Information supplied:
*****

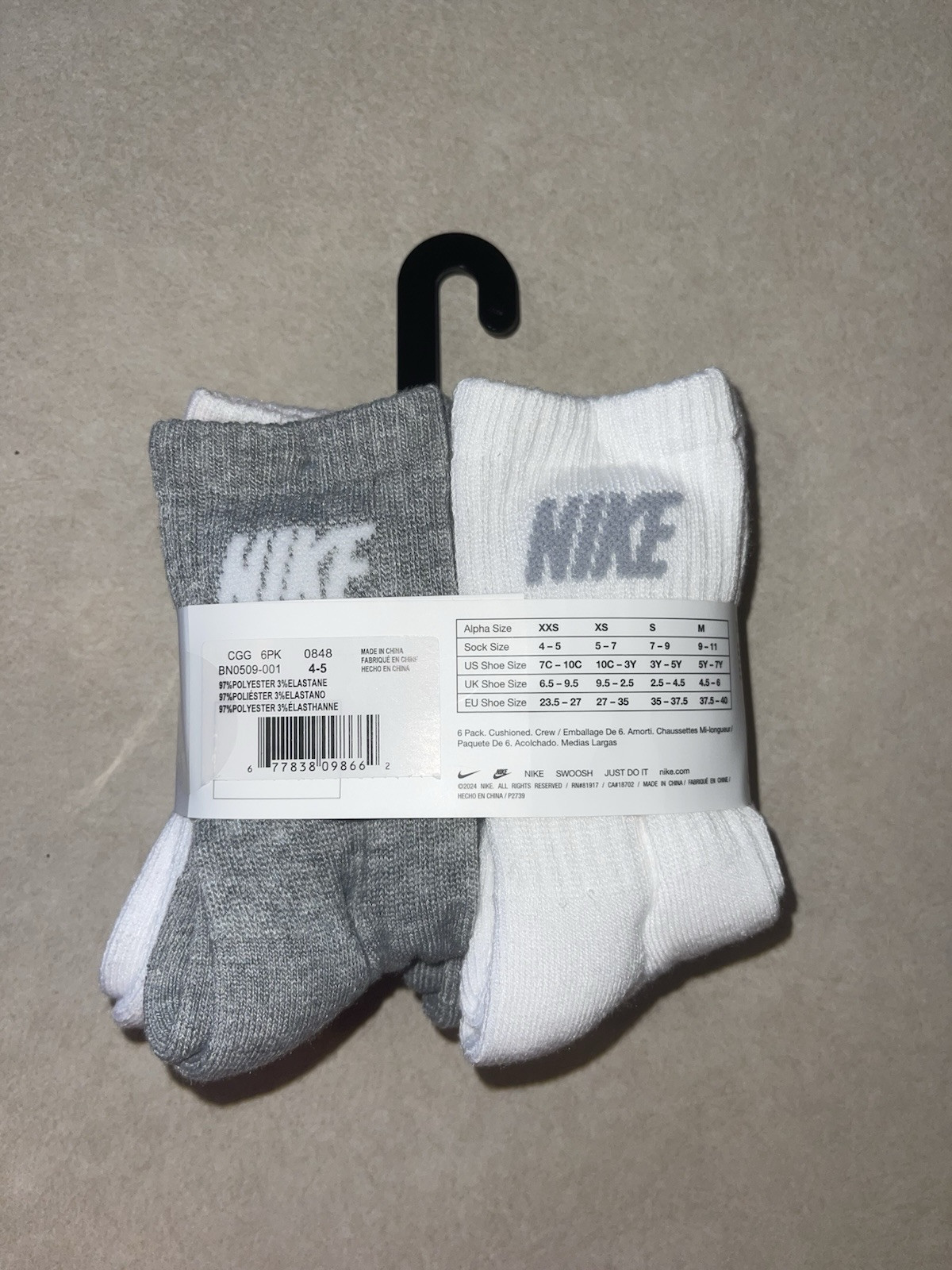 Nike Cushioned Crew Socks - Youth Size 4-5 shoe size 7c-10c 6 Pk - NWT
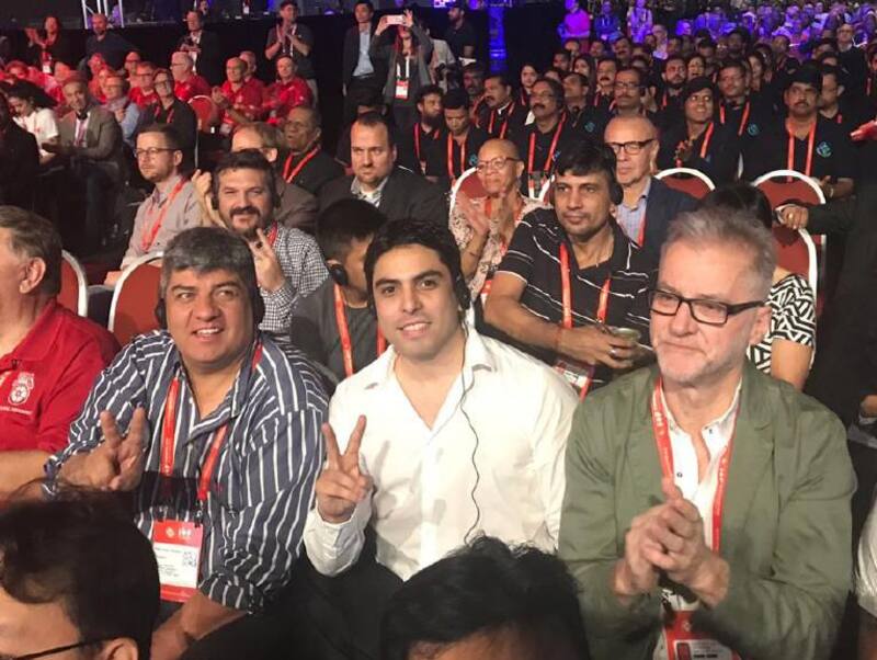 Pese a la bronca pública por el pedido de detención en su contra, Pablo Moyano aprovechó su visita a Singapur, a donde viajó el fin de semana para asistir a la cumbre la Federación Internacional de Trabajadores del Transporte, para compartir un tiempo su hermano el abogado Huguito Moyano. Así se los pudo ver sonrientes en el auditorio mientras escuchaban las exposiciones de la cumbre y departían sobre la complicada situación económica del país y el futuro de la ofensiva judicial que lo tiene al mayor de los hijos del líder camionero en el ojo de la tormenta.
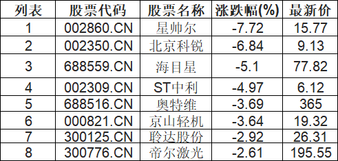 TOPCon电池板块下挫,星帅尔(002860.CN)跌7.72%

*****

Work order: Word for word, retype all of the data above, but include no pictures.

Task output:
 Nike Cushioned Crew Socks - Youth Size 4-5 shoe size 7c-10c 6 Pk - NWT
 Pese a la bronca pública por el pedido de detención en su contra, Pablo Moyano aprovechó su visita a Singapur, a donde viajó el fin de semana para asistir a la cumbre la Federación Internacional de Trabajadores del Transporte, para compartir un tiempo su hermano el abogado Huguito Moyano. Así se los pudo ver sonrientes en el auditorio mientras escuchaban las exposiciones de la cumbre y departían sobre la complicada situación económica del país y el futuro de la ofensiva judicial que lo tiene al mayor de los hijos del líder camionero en el ojo de la tormenta.
 TOPCon电池板块下挫,星帅尔(002860.CN)跌7.72%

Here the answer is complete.